На нём старенькое трико, а на губах прокисшее молоко,
Небо далеко, а семья рядом, он ищет взглядом то.
Что давно уже ушло, вылетело через раскрытое настежь окно,
И никто не воротится оно! Ему на смену пришло злополучное Ничто
В дырявом и поношенном демисезонном пальто, ему не завидует никто,
Он не жил, как все – грешно, выглядит неважно, говорит протяжно,
Драные сапоги в придорожной пыли, запах кирзы не уходит от горькой слезы!
Он вообразил, что великим и умным был, но тот уже давно в бозе почил,
Благие деяния когда-то вершил, от них остались только древние знания,
Увеличивается расстояние между совершенным грехом и покаянием!
Суть бытия, кажись, мертва, его голова седа, его дело сторона,
Но едва он переступает через знакомый с детства порог,
Как всевидящий бог свалил грешника с ног, Ему противиться никто не мог!
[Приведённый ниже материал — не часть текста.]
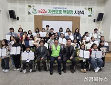 [신경북뉴스] 구미시는 12월 17일 새마을운동테마공원 연수관에서 자연보호구미시협의회(회장 오석우) 주관으로 제22회 자연보호 백일장 시상식을 개최했다. 이날 행사에는 수상 학생과 학부모 등 100여 명이 참석해 의미를 더했다. 자연보호 백일장은 자연의 소중함과 환경보전의 가치를 문학으로 표현하는 행사로, 격년제로 열리고 있다. 이번 제22회 백일장은 지난 11월 1일 금오산 잔디광장에서 학생과 학부모 등 300여 명이 참여한 가운데 진행됐다. 외부 전문가의 공정한 심사를 거쳐 총 48명이 최종 수상자로 선정됐다. 부문별·연령별 최고상인 최우수상에는 구미시장상 9명이 이름을 올렸고, 우수상은 구미교육지원청 교육장상 12명, 장려상은 자연보호구미시협의회장상 27명에게 수여됐다. 시상 이후 학생들은 입상작을 모아 엮은 작품집을 함께 살펴보며 서로의 글에 대한 감상을 나누고, 환경 위기에 대한 인식을 공유했다. 글쓰기를 매개로 자연보호의 의미를 되새기고 실천 의지를 다지는 시간도 이어졌다. 손양숙 환경정책과장은 “기후변화가 일상이 된 지금, 학생들이 자연

Когда ты путаешь числа и даты, ты – никто, пусть ты бьёшь о стену собственное чело,
Но всё равно будешь в пределах дня прилюдно унижен, потом обездвижен,
Пройдёшь через суету и тлен, но выживешь не без проблем, но зачем?
Обладая телом, женщина в платье белом будет вертеться перед тобой на одном каблуке,
Зажав рубли в маленьком кулаке, но тебе всё по барабану,
Начнёшь рассуждать витиевато и пространно, дело – не в фигуре,
 А женской натуре, хоть кончишь несколько раз, всё равно не заметишь бабьих прикрас,
Всё потому, что твой третий глаз любить этих баб не способен! Тебе уже один хрен,
Когда, где и с кем, но зачем? Ты пишешь свой натюрморт, образ женщин перед тобой протёрт,
Идёт охота на ****ей, среди них половина людей не верят ни року, ни судьбе своей!
Прекрасные глаза и дивные ресницы были у той девицы, что рядом с тобою спала,
Но ведь она не убрала со стола пищи, чтобы отдать её бедным и нищим!
Луна в тот миг светила не ярко, жизнь текла уныло, скитание по бабам тебе опостыло,
Что было, прошло, глядь, а рядом уже нет никого!
Вы нежились долго, глядь и этому пришёл конец, она смеялась звонко,
Ты же выглядел загнанным волком, небось, опять решил божий раб на стороне погулять?
Твоя беда – водка, бабы и еда! Брови зря не хмурь, пусть из головы вылетит вся дурь,
Пройдёт небольшой срок и новая жертва попадёт на твой крючок,
Коль пленит твой зрачок! Мудрости доверясь, внушил себе ересь,
И встал на распутье: направо пойдёшь – встретишь распутство,
Налево шагнёшь – встретишь откровенную и наглую ложь,
Пойдёшь прямо – наткнёшься на хамов, пацанов и распутниц тех,
Что ещё рвутся в лоно утех! Им бы строить и создавать, сеять и пахать,
Они могут только ноги раздвигать и грязью друг друга поливать!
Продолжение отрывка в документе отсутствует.